Department of Genetics and Center for Genome Sciences and Systems Biology, Washington University School of Medicine, St. Louis, MO, USA.
BMC Mol Biol. 2018 Mar 27;19(1):5. doi: 10.1186/s12867-018-0106-7.
BATF family transcription factors (BATF, BATF2 and BATF3) form hetero-trimers with JUNB and either IRF4 or IRF8 to regulate cell fate in T cells and dendritic cells in vivo. While each combination of the hetero-trimer has a distinct role, some degree of cross-compensation was observed. The basis for the differential actions of IRF4 and IRF8 with BATF factors and JUNB is still unknown. We propose that the differences in function between these hetero-trimers may be caused by differences in their DNA binding preferences. While all three BATF family transcription factors have similar binding preferences when binding as a hetero-dimer with JUNB, the cooperative binding of IRF4 or IRF8 to the hetero-dimer/DNA complex could change the preferences. We used Spec-seq, which allows for the efficient and accurate determination of relative affinity to a large collection of sequences in parallel, to find differences between cooperative DNA binding of IRF4, IRF8 and BATF family members.
We found that without IRF binding, all three hetero-dimer pairs exhibit nearly the same binding preferences to both expected wildtype binding sites TRE (TGA(C/G)TCA) and CRE (TGACGTCA). IRF4 and IRF8 show the very similar DNA binding preferences when binding with any of the three hetero-dimers. No major change of binding preferences was found in the half-sites between different hetero-trimers. IRF proteins bind with substantially lower affinity with either a single nucleotide spacer between IRF and BATF binding site or with an alternative mode of binding in the opposite orientation. In addition, the preference to CRE binding site was reduced with either IRF binding in all BATF-JUNB combinations.

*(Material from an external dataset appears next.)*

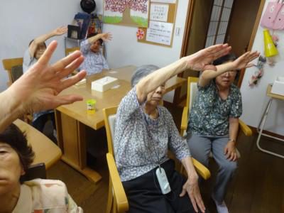 肩こり解消・ぐいーんと伸ばして皆さんきれいな角度で揃っています
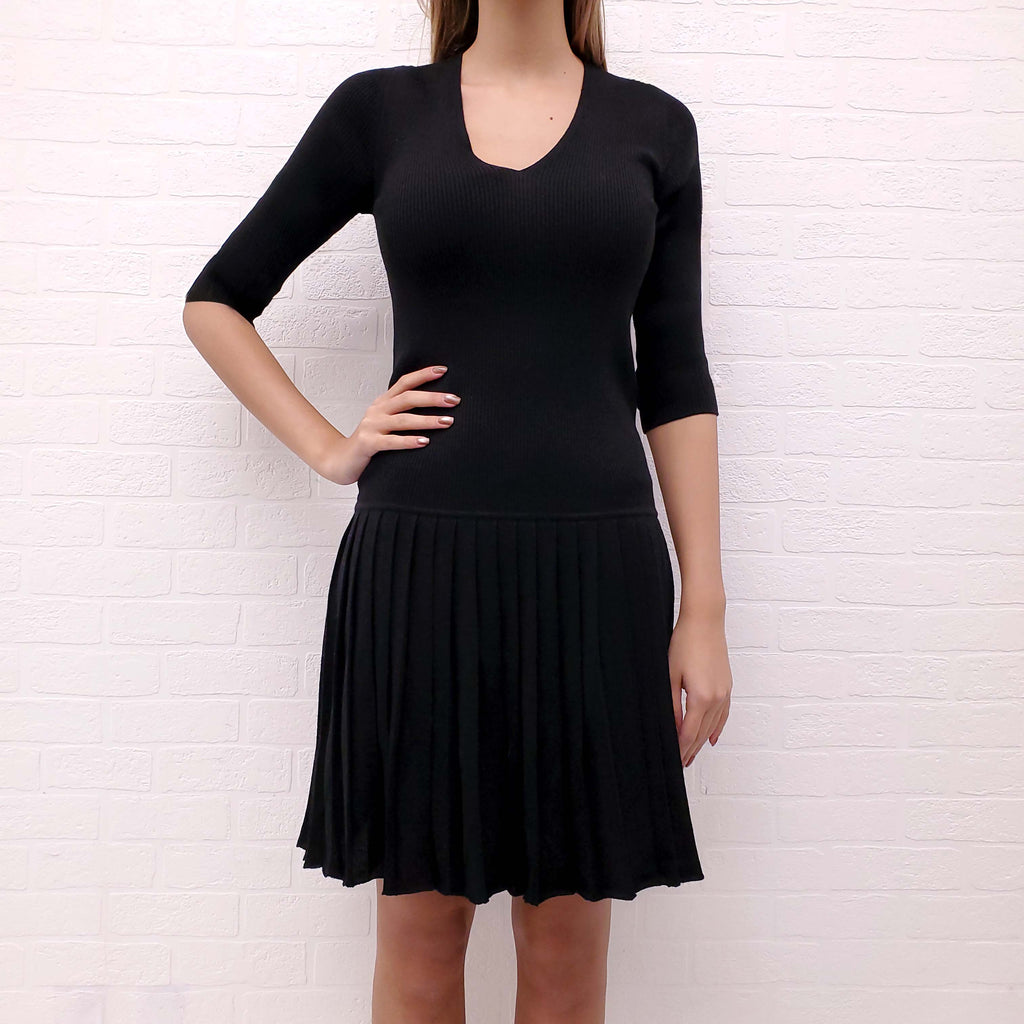 PRADA BLACK KNIT DRESS WITH PLEATS - SIZE 42

The specificities of BATF, BATF2 and BATF3 are all very similar as are their interactions with IRF4 and IRF8. IRF proteins binding adjacent to BATF sites increases affinity substantially compared to sequences with spacings between the sites, indicating cooperative binding through protein-protein interactions. The preference for the type of BATF binding site, TRE or CRE, is also altered when IRF proteins bind. These in vitro preferences aid in the understanding of in vivo binding activities.
BATF 家族转录因子(BATF、BATF2 和 BATF3)与 JUNB 形成异三聚体,并与 IRF4 或 IRF8 结合,从而调节体内 T 细胞和树突状细胞的细胞命运。虽然异三聚体的每种组合都具有独特的作用,但观察到一定程度的交叉补偿。IRF4 和 IRF8 与 BATF 因子和 JUNB 结合的差异作用的基础尚不清楚。我们假设这些异三聚体之间功能的差异可能是由于它们的 DNA 结合偏好不同所致。虽然当与 JUNB 形成异二聚体时,所有三种 BATF 家族转录因子的结合偏好都相似,但 IRF4 或 IRF8 对异二聚体/DNA 复合物的协同结合可能会改变这些偏好。我们使用 Spec-seq,它可以高效且准确地平行确定对大量序列的相对亲和力,来发现 IRF4、IRF8 和 BATF 家族成员的协同 DNA 结合之间的差异。
我们发现,在没有 IRF 结合的情况下,所有三种异二聚体对都表现出几乎相同的结合偏好,无论是预期的野生型结合位点 TRE(TGA(C/G)TCA)还是 CRE(TGACGTCA)。IRF4 和 IRF8 在与三种异二聚体中的任何一种结合时,表现出非常相似的 DNA 结合偏好。在不同异三聚体之间的半位点中没有发现结合偏好的重大变化。IRF 蛋白与单个核苷酸间隔或相反方向的替代结合模式结合时,与 BATF 结合位点的结合亲和力大大降低。此外,在所有 BATF-JUNB 组合中,IRF 结合都会降低对 CRE 结合位点的偏好。
BATF、BATF2 和 BATF3 的特异性非常相似,它们与 IRF4 和 IRF8 的相互作用也非常相似。与位点之间具有间隔的序列相比,IRF 蛋白与 BATF 位点相邻结合会大大增加亲和力,表明通过蛋白质-蛋白质相互作用进行协同结合。当 IRF 蛋白结合时,对 TRE 或 CRE 类型的 BATF 结合位点的偏好也会改变。这些体外偏好有助于理解体内结合活性。